⟨

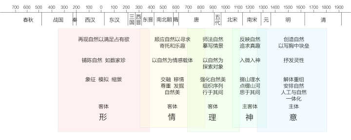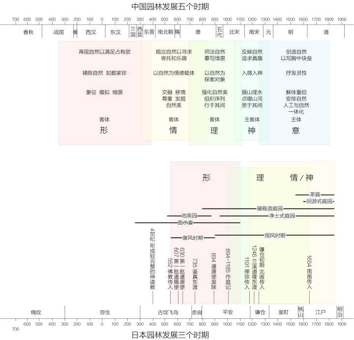 苏州园林和日本园林的异同是一个很庞大的命题,布局、理水、叠山等确实是园林很重要的部分。要想说清楚这个问题,我觉得有必要从中日园林的的发展脉络这一层面来看,下面我便来试图寻寻这一系列异同的过程,探索两国园林异同出现的历史背景与异同的内核。 首先理清一个概念,苏州园林只是中国园林的一个流派,而且仅仅表示了明清两代的江南园林成就。用苏州园林来比较日本园林似有不妥,因为其实中国对日本园林的影响不仅仅是源于江南园林,例如对日本影响极大的白居易,虽履任过苏杭,但是其园林的实践多见于中原,思想也是更偏于中原。因此,下面我的论述将不仅仅局限于苏州园林部分,而是希望以一个整体脉络来梳理中国园林。 一直以来我们对中国古典园林的发展其实一直是采取朝代这个说法来区分发展阶段,但冯纪忠先生提出过一个观点让我深切认同。这源于Ernst Casirer在《人论》中的一句话:“我们不能把艺术的东西根据来断代”,比如,唐的诗文书画和宋的诗文书画,文可以断在晚唐,诗可以断在五代,画可以断在南宋。所以,载体不同,结构不同,不能“一一对仗”。因此,在此我对中国园林的考察便依据冯先生的说法,以将中国园林的发展归纳为五个时期,可以分别对应“形、情、理、神、意”5个层面。从客到主,从粗到细,从浅到深,从抽象到具体:
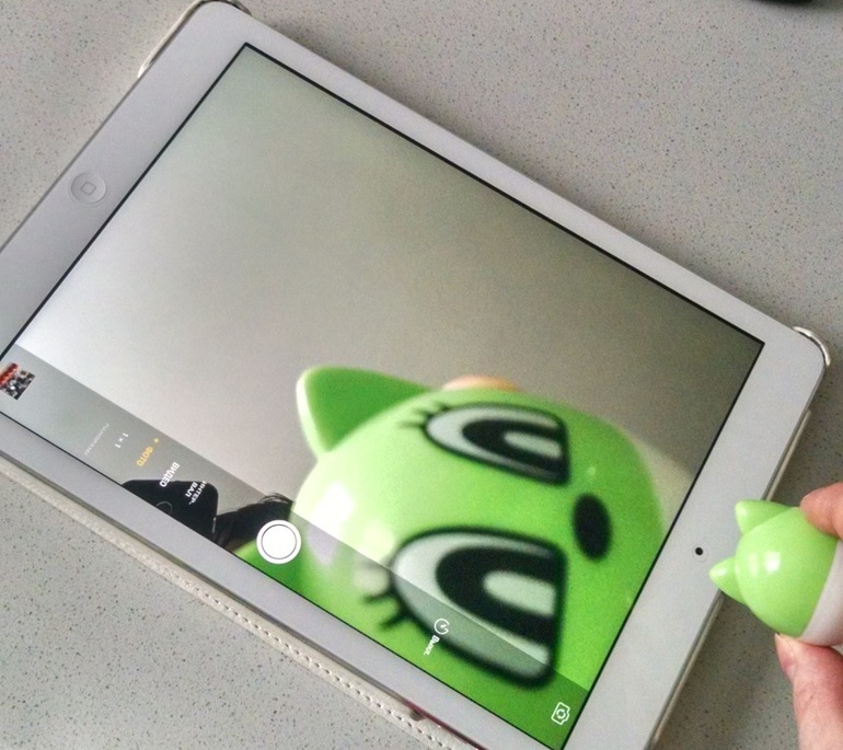 С гаджетами можно играть еще так: включаем камеру для селфи и тычем зайчика\котика прямо в нее так, чтобы не закрыть экран. На экране появляется огромный глазище или носище. Очень занимательно.
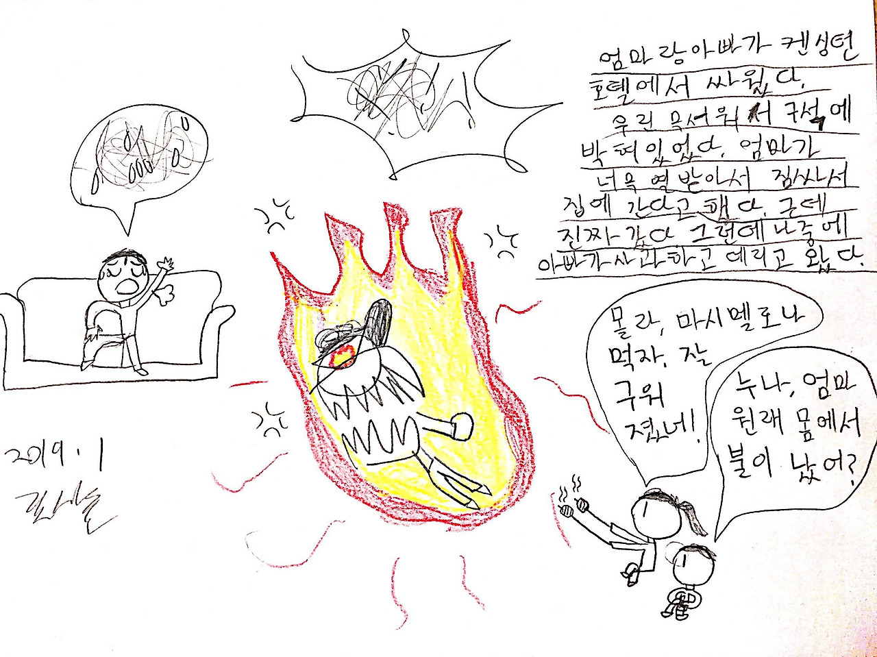 "아니, 그리다 보니 생각났어. 마시멜로를 구워먹을 수 있을 정도로 엄마가 화냈던 것 같애."

⟩

**Task description**
Copy all of the material word for word, and include none of its pictures.

**Answer to this task**
 苏州园林和日本园林的异同是一个很庞大的命题,布局、理水、叠山等确实是园林很重要的部分。要想说清楚这个问题,我觉得有必要从中日园林的的发展脉络这一层面来看,下面我便来试图寻寻这一系列异同的过程,探索两国园林异同出现的历史背景与异同的内核。 首先理清一个概念,苏州园林只是中国园林的一个流派,而且仅仅表示了明清两代的江南园林成就。用苏州园林来比较日本园林似有不妥,因为其实中国对日本园林的影响不仅仅是源于江南园林,例如对日本影响极大的白居易,虽履任过苏杭,但是其园林的实践多见于中原,思想也是更偏于中原。因此,下面我的论述将不仅仅局限于苏州园林部分,而是希望以一个整体脉络来梳理中国园林。 一直以来我们对中国古典园林的发展其实一直是采取朝代这个说法来区分发展阶段,但冯纪忠先生提出过一个观点让我深切认同。这源于Ernst Casirer在《人论》中的一句话:“我们不能把艺术的东西根据来断代”,比如,唐的诗文书画和宋的诗文书画,文可以断在晚唐,诗可以断在五代,画可以断在南宋。所以,载体不同,结构不同,不能“一一对仗”。因此,在此我对中国园林的考察便依据冯先生的说法,以将中国园林的发展归纳为五个时期,可以分别对应“形、情、理、神、意”5个层面。从客到主,从粗到细,从浅到深,从抽象到具体:
 С гаджетами можно играть еще так: включаем камеру для селфи и тычем зайчика\котика прямо в нее так, чтобы не закрыть экран. На экране появляется огромный глазище или носище. Очень занимательно.
 "아니, 그리다 보니 생각났어. 마시멜로를 구워먹을 수 있을 정도로 엄마가 화냈던 것 같애."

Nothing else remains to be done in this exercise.